Crosby’s comic book gains national attention

It was a normal day for 25-year-old Alexander Monroe as he was slacking off at his maintenance job at a nuclear power plant.

A normal day, that is, until he was pushed into a vat of nuclear waste, cryogenically frozen and woke up decades into the future with superpowers.

So begins “The Adventures of Fro-Man and Dubstep Boy,” the origin story of a superhero duo written by David Crosby, a rising senior at North Oldham High School.

What started as doodling in the second grade, Crosby has taken his love for drawing and transformed it into something completely his own.

The idea for Fro-Man started as stick figure drawings in sixth grade. His friends encouraged him to go the route of making superhero comics and he did; he did so despite the fact he hadn’t read a comic book up to that point.

“I knew Batman, Spiderman, Superman, all that sort of stuff, but I’ve never actually sat down and read one,” Crosby said. “So I started from scratch making my own superhero character.”

“The Adventures of Fro-Man and Dubstep Boy,” follows Alex Monroe as he navigates his new life and superpowers, which allow him to change his afro hairstyle into whatever shape or form he envisions.

Joined by Fro-Man is his sidekick Dubstep Boy, whose real name is Solomon Westcott. Solomon is exposed to some of Alex’s radioactive energy and develops superpowers that allow him to absorb and reproduce sonic waves.

Crosby said he puts a little bit of himself into his characters.

Alex is based off of how Crosby physically looks, but also his backstory of feeling like a “fish out of water,” which Crosby said he has experienced before too.

At one point in the comic, Solomon lets off a sonic blast that seemingly blows his family away and he becomes unable to find them.

The loss of Solomon’s family becomes a motivator for him, and it’s something Crosby said he also based off personal experience when his grandmother died last year.

“She was a really big inspiration to me, and so for Solomon his family is the closest thing he has to him and losing them takes a pretty big toll on him,” he said.

Crosby finished the first comic in the Fro-Man saga in January, and published it in February. Since then he’s been working on the second issue, and plans to have the overarching story span five comics.

Including incorporating his own experiences into the story, he said he wants to make sure other people feel included when they read his comics.

“I wanted to create a character that’s Black, characters with different appearances, different hair, different all sorts of stuff,” he said. “I want everybody to have some character they can look at and be like, ‘Oh, that’s kind of like me’.”

He’s also gained new skills along the way, teaching himself how to use a design program he found online as he navigates designing his own comic.

His work has already garnered attention on a national level. He was named a Gold Key recipient for the 2019 Scholastic Art & Writing Awards.

Crosby’s dad, Oldham County District Court Judge Jerry Crosby, praised his son’s work.
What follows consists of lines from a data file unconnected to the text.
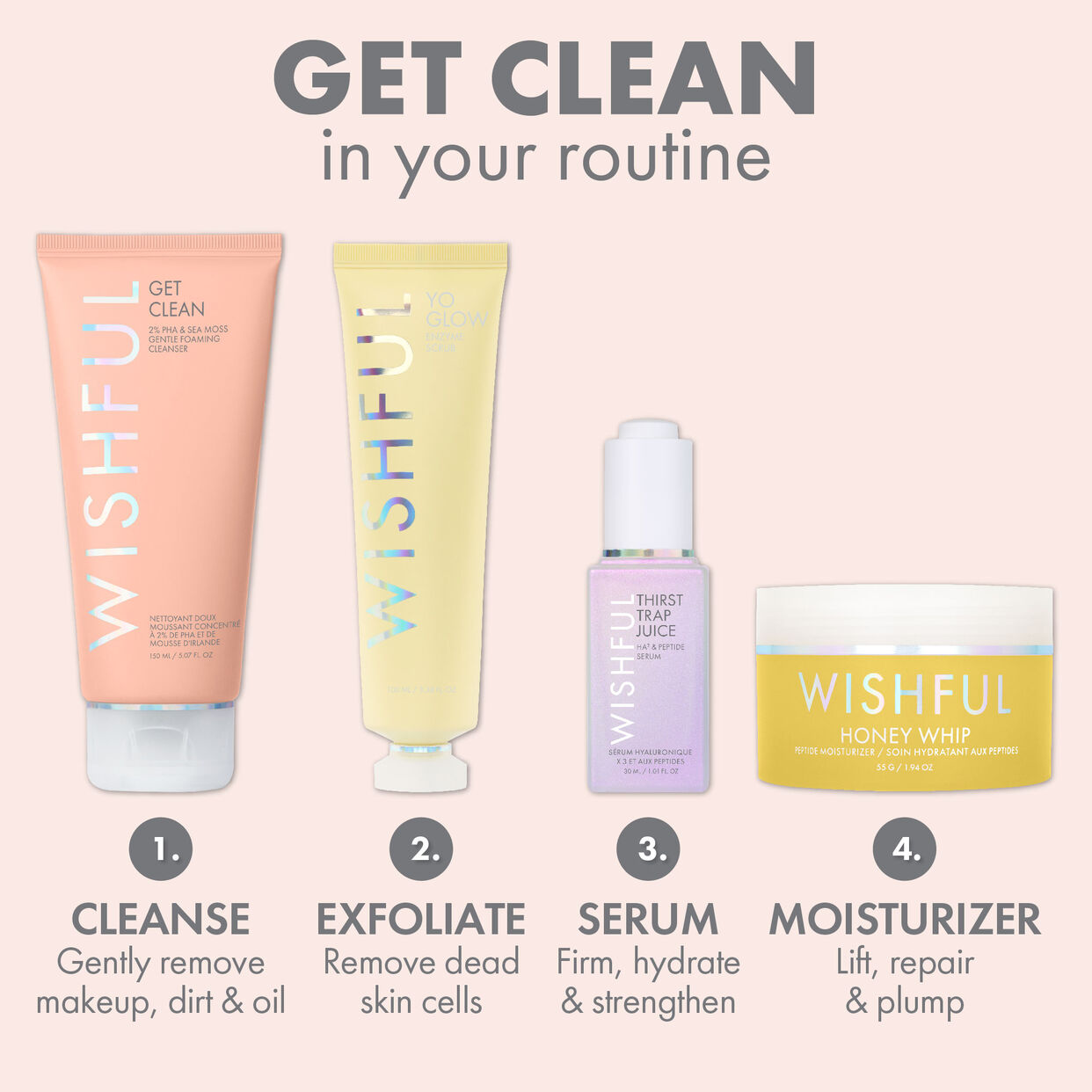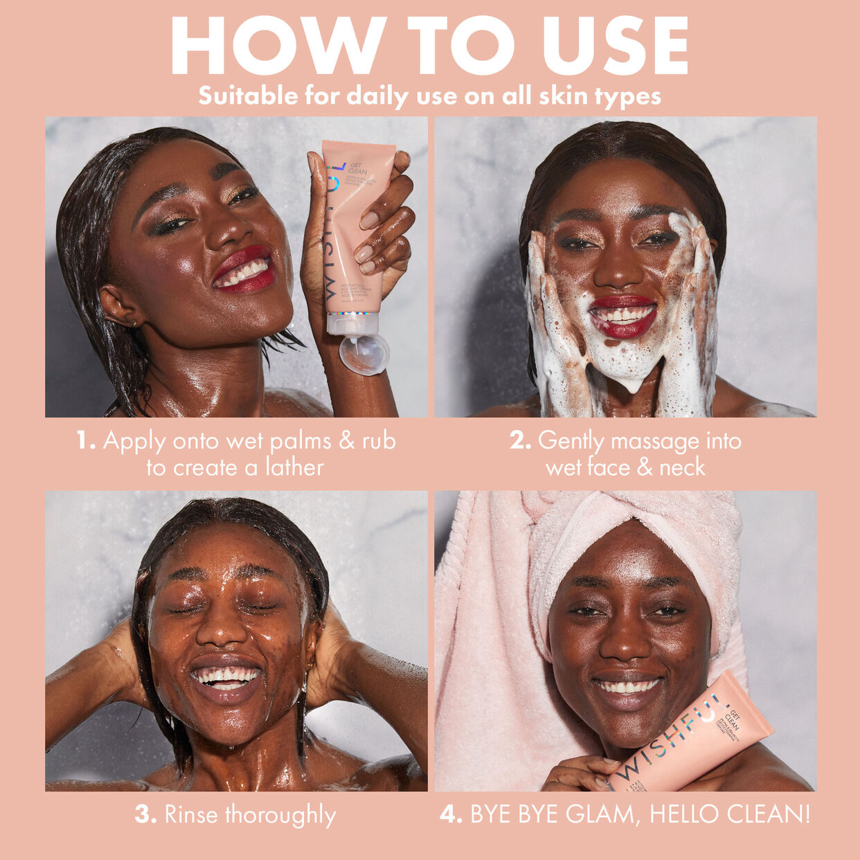 Get Clean is a hardworking cleanser that is gentle and skin-loving enough for even the most sensitive skin. 2% Gluconic Acid (PHA) gently exfoliates the skin while Sea Moss helps retain moisture leaving the complexion refreshed and supple. Get Clean is packed with Coconut & Amino Acid Derived Surfactants that melt away makeup while Salicylic Acid & Willow Bark work to unclog pores without stripping the skin. To turn Get Clean’s gel formula into a rich, creamy, makeup melting foam, add a little water and massage into skin.
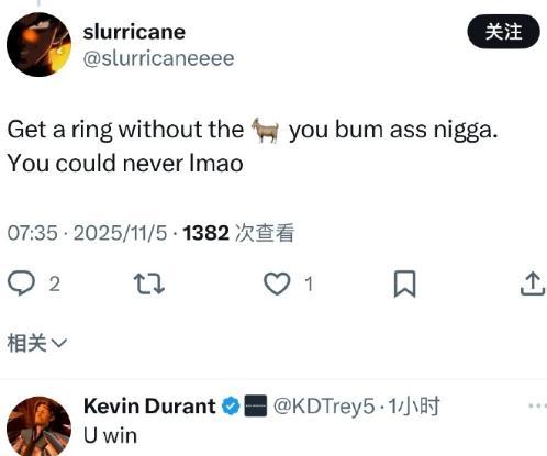 11月5日,也许是火箭最近赢球,杜兰特难得放松,有时间继续和球迷互喷垃圾话,其中有一个球迷说:离开山羊(代指库里),你有本事拿个冠军,废物,你永远做不到!
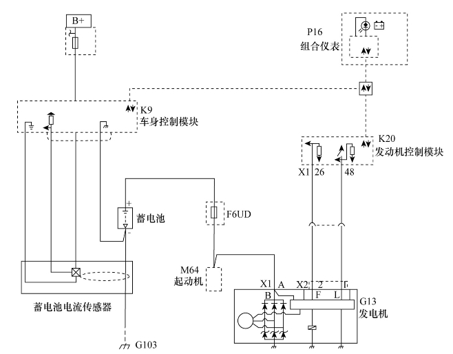 1.确认G13发电机B+输出电路X1端子1和搭铁之间的测试灯点亮。如果测试灯不点亮,测试B+电路是否对搭铁短路或开路或电阻过大。

Admittedly, he said he doesn’t get all of the jokes but thinks the overall story and character development are great.

When asked if he would continue as a judge in the event he were to also fall into a nuclear waste vat and develop superpowers the answer was rather straightforward.

“If I had superpowers, I’d be out saving the world, not from the bench,” he said.

As for what comes next for Fro-Man and Dubstep Boy, David Crosby said the second story will continue expanding some of the storylines from the first.

For example, readers can expect to learn about why Ruth, whose villain name is Razor, pushed Alex into the nuclear waste all those years ago.

Looking toward to the future, he said he’s planning on going to college and studying graphic design, and while he may not continue with comic books he’s hopeful to possibly be a creative director for an animated cartoon or TV show.

However, he wouldn’t exactly complain if one day Fro-Man and Dubstep Boy ended up on the silver screen.

“It would be my absolute dream,” he said.

“The Adventures of Fro-Man and Dubstep Boy” is available for purchase on Amazon.